Computer system 500 also includes a communication interface 518 coupled to bus 502. Communication interface 518 provides a two-way data communication coupling to a network link 520 that is connected to a local network 522. For example, communication interface 518 may be an integrated services digital network (ISDN) card or a modem to provide a data communication connection to a corresponding type of telephone line. As another example, communication interface 518 may be a local area network (LAN) card to provide a data communication connection to a compatible LAN. Wireless links may also be implemented. In any such implementation, communication interface 518 sends and receives electrical, electromagnetic or optical signals that carry digital data streams representing various types of information.
Network link 520 typically provides data communication through one or more networks to other data devices.
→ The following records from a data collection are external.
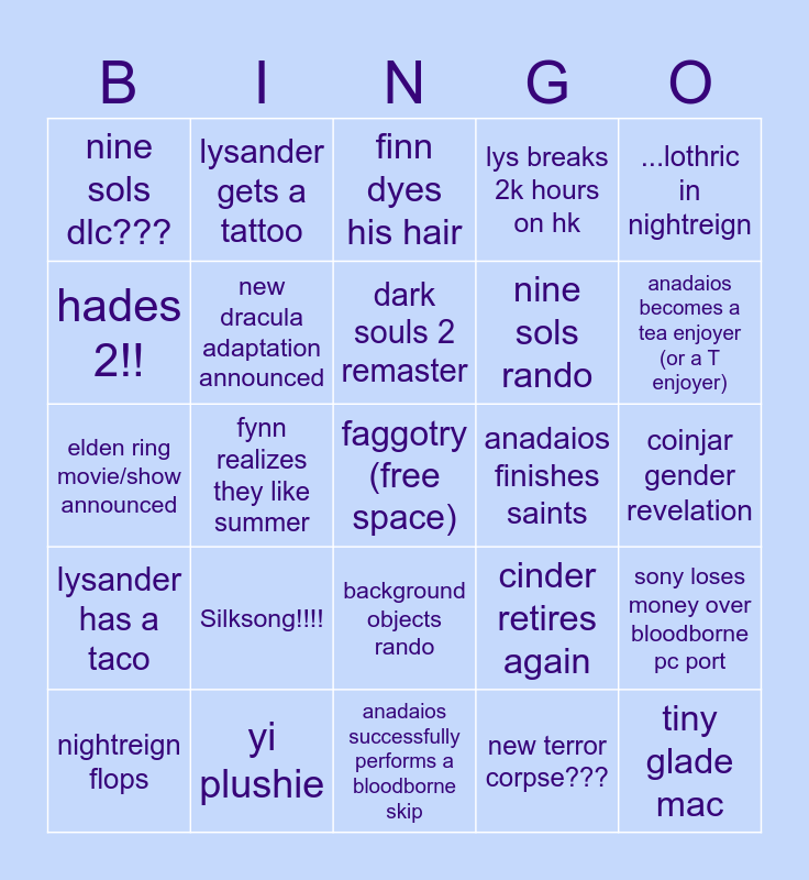 This bingo card has a free space and 24 words: Silksong!!!!, yi plushie, dark souls 2 remaster, nightreign flops, ...lothric in nightreign, nine sols dlc???, hades 2!!, lysander gets a tattoo, anadaios finishes saints, background objects rando, nine sols rando, elden ring movie/show announced, cinder retires again, sony loses money over bloodborne pc port, new dracula adaptation announced, new terror corpse???, coinjar gender revelation, finn dyes his hair, anadaios becomes a tea enjoyer (or a T enjoyer), fynn realizes they like summer, tiny glade mac, lysander has a taco, lys breaks 2k hours on hk and anadaios successfully performs a bloodborne skip.
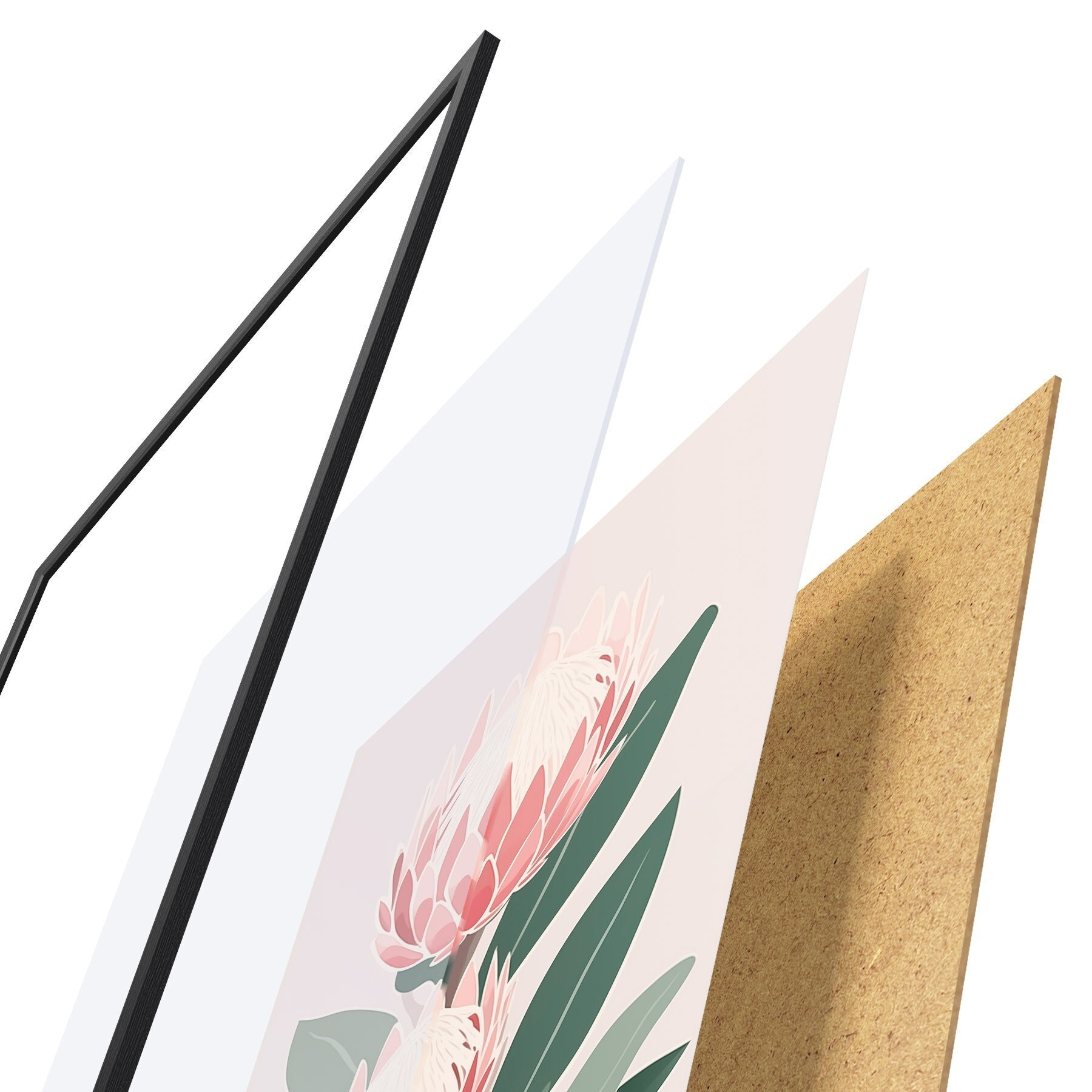 L’affiche encadrée est composée d’un cadre, d’un plexiglas, d’une image imprimée et d’un support en aggloméré. Elle est prête à être accrochée au mur grâce aux fixations situées à l’arrière.
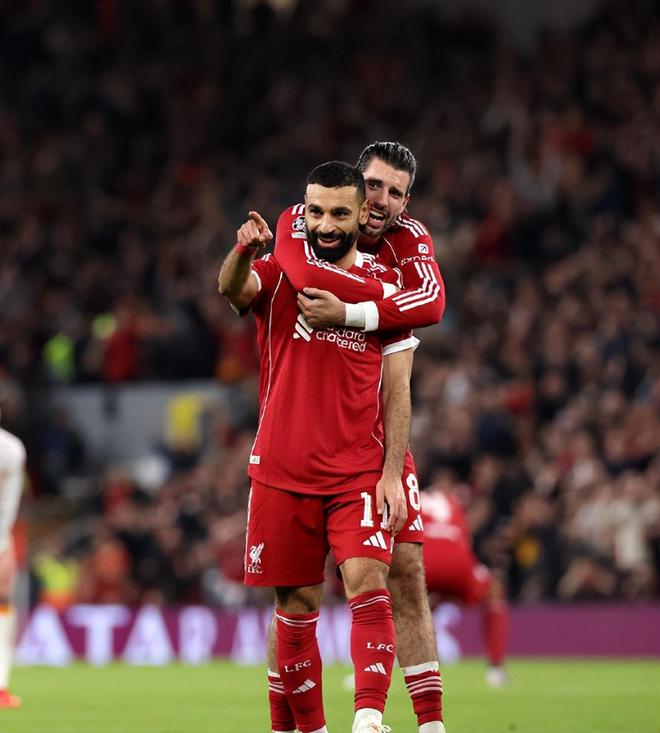 第62分鐘,薩拉赫與維爾茨撞墻配合后,終于打出昔日標(biāo)志性的內(nèi)切兜射,皮球直掛球門死角,4:0,總比分4:1!這是薩拉赫在歐冠打進(jìn)的整整50球,也是非洲球員歷史上首位達(dá)到這個(gè)成就的成員。第67分鐘,麥卡利斯特遠(yuǎn)射再次擊中了立柱,索博二點(diǎn)組織斜塞,薩拉赫倒三角回敲,維爾茨低射被撲出,?;倏私嚯x補(bǔ)射擦著橫梁出界。
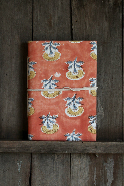 This Indian fabric notebook is designed in India, using the ancestral technique of blockprint. The yellow flowers stand out beautifully against the orange-red background, creating a flowery notebook that catches the eye. Each notebook is a tribute to craftsmanship, making each piece unique and special. Three practical formats A6 (10 x 15 cm): Compact and easy to carry, this A6 novelty notebook is perfect for taking notes on the go. Each notebook contains 96 pages of recycled cotton unlined paper. A cord ties the notebook.
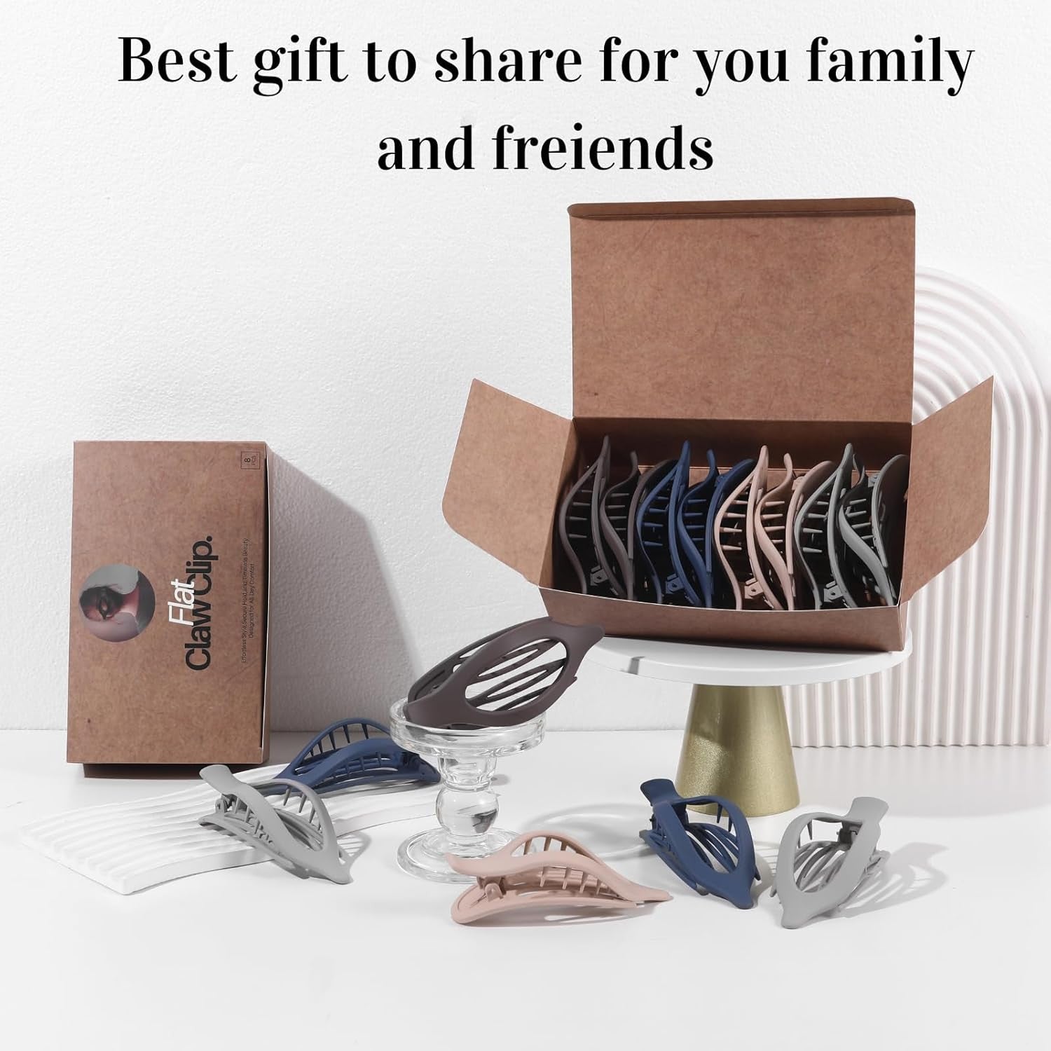 Do these flat hair clips work for thick or curly hair? Yes! Twist your hair tightly and slide the clip through the base. Many users with thick, curly, or long hair say it holds well for all-day wear. Are these clips good for fine or thin hair? Will they stay in place? They work for fine hair if styled into a twist or bun. For extra hold, tease your hair or use texture spray. Half-up styles are also a great option. Can I wear these clips while driving or lying down? Yes! These lay flat against your head, making them perfect for resting, driving, or even sleeping—no more poking from claw clips. Are they easy to use? How do I wear them properly? Twist your hair, slide the inner teeth through the base, and snap the outer piece over. It may take a try or two, but gets easy quickly. Are they sturdy and stylish enough for daily use or gifting? Definitely. They're durable, come in matte neutral colors, and are perfect for everyday wear or sharing with friends and family.
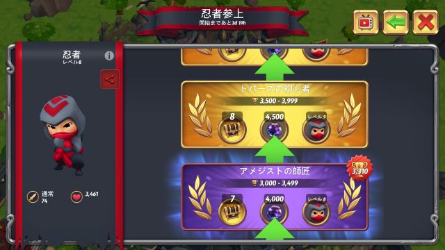 忍者イベント開始時のトロフィー数に応じて、階級ごとにグループ分けされる
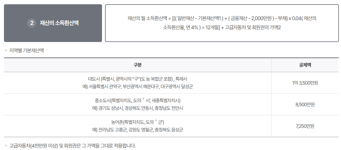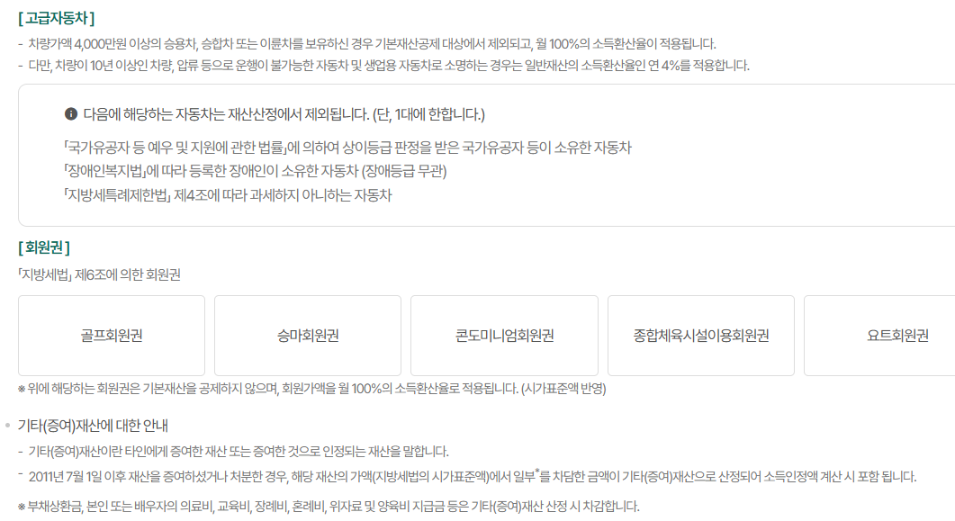 또한, 고급자동차(차량가액 4,000만 원 이상)나 고가의 회원권을 보유한 경우 해당 가액이 그대로 소득으로 환산되어 소득인정액에 포함됩니다.
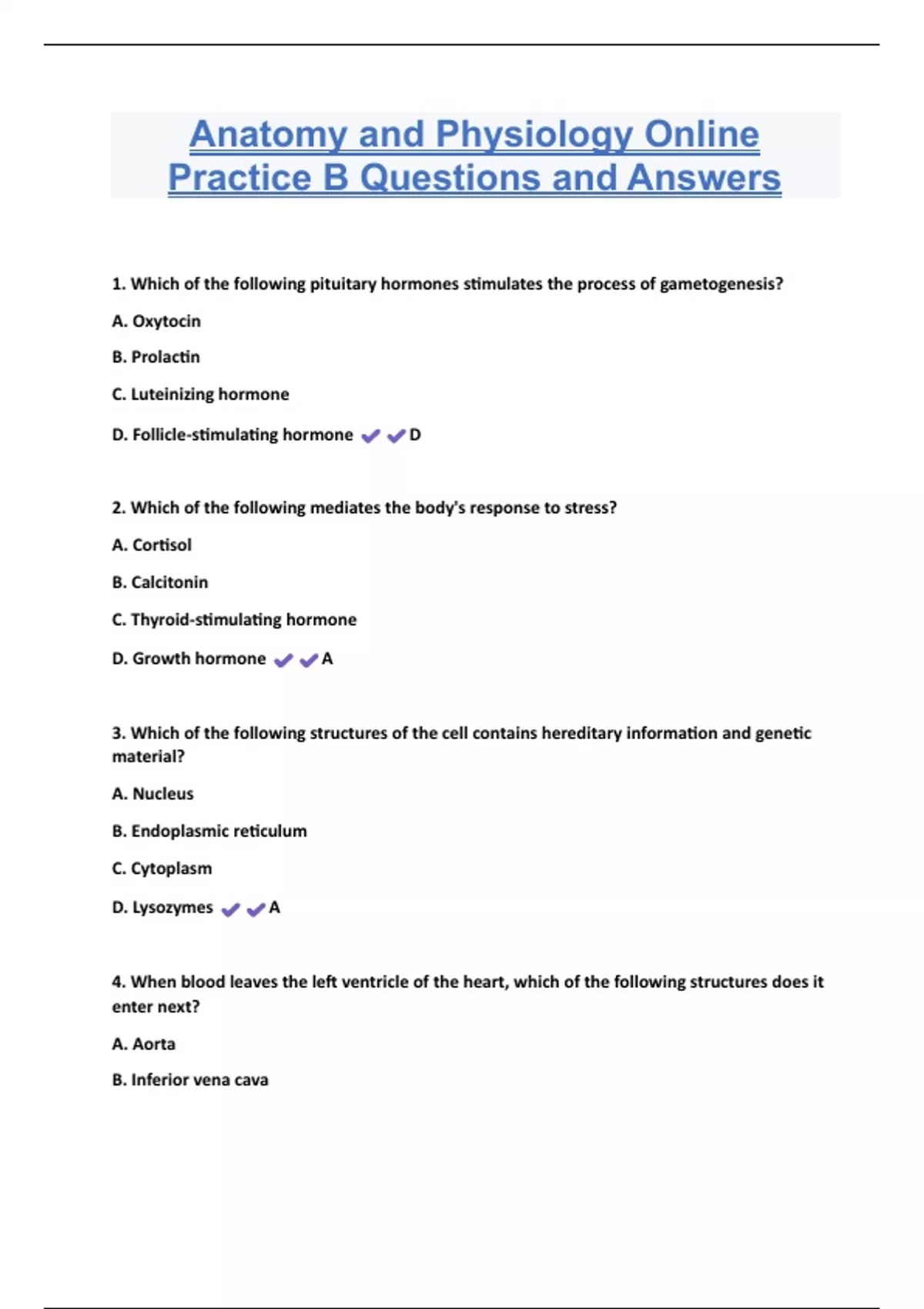Anatomy and Physiology Online Practice B Questions and Answers 1. Which of the following pituitary hormones stimulates the process of gametogenesis? A. Oxytocin B. Prolactin C. Luteinizing hormone D. Follicle-stimulating hormone D 2. Which of the following mediates the body's response to stress? A. Cortisol B. Calcitonin C. Thyroid-stimulating hormone D. Growth hormone A 3. Which of the following structures of the cell contains hereditary information and genetic material? A. Nucleus B. Endoplasmic reticulum C. Cytoplasm D. Lysozymes A
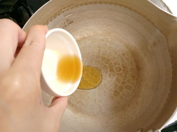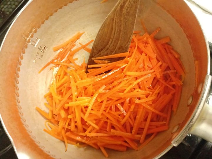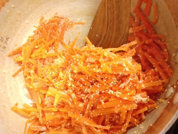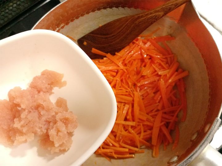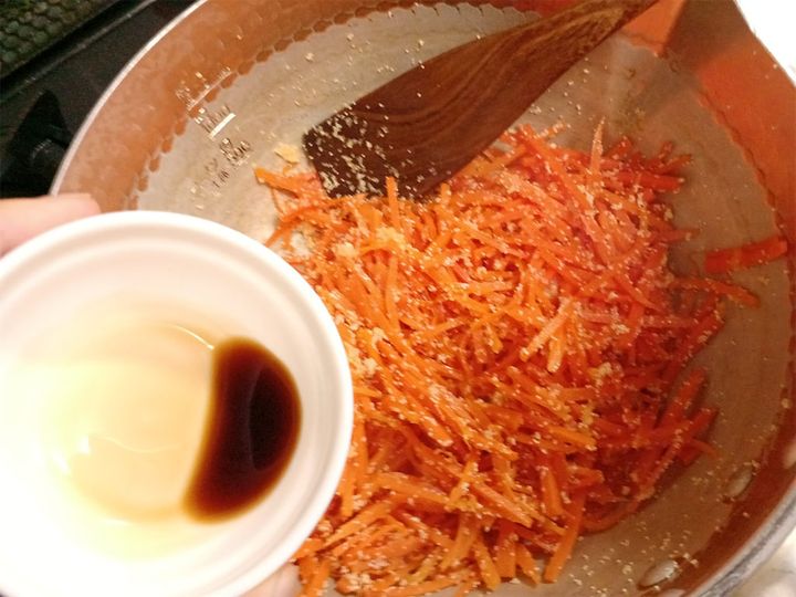 2鍋にゴマ油を引いてにんじんを炒め、みりんを入れてさらに炒める。にんじんが柔らかくなったら、たらこを入れて炒める。
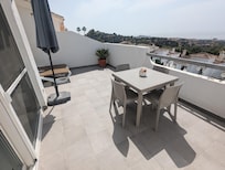 Beautiful and modern south-facing penthouse apartment located in a small complex with communal pool in Calahonda / Mijas Costa with huge 20 m2 terrace and panoramic sea views! Quiet but central location, only a 5 minutes´s drive away from the beach.

For example, network link 520 may provide a connection through local network 522 to a host computer 524 or to data equipment operated by an Internet Service Provider (ISP) 526. ISP 526 in turn provides data communication services through the world wide packet data communication network now commonly referred to as the “Internet” 528. Local network 522 and Internet 528 both use electrical, electromagnetic or optical signals that carry digital data streams. The signals through the various networks and the signals on network link 520 and through communication interface 518, which carry the digital data to and from computer system 500, are exemplary forms of carrier waves transporting the information.
Computer system 500 can send messages and receive data, including program code, through the network(s), network link 520 and communication interface 518. In the Internet example, a server 530 might transmit a requested code for an application program through Internet 528, ISP 526, local network 522 and communication interface 518. 100491 The received code may be executed by processor 504 as it is received, and/or stored in storage device 510, or other non-volatile storage for later execution. In this manner, computer system 500 may obtain application code in the form of a carrier wave.
In the foregoing specification, embodiments of the invention have been described with reference to numerous specific details that may vary from implementation to implementation. Thus, the sole and exclusive indicator of what is the invention, and is intended by the applicants to be the invention, is the set of claims that issue from this application, in the specific form in which such claims issue, including any subsequent correction. Any definitions expressly set forth herein for terms contained in such claims shall govern the meaning of such terms as used in the claims. Hence, no limitation, element, property, feature, advantage or attribute that is not expressly recited in a claim should limit the scope of such claim in any way. The specification and drawings are, accordingly, to be regarded in an illustrative rather than a restrictive sense.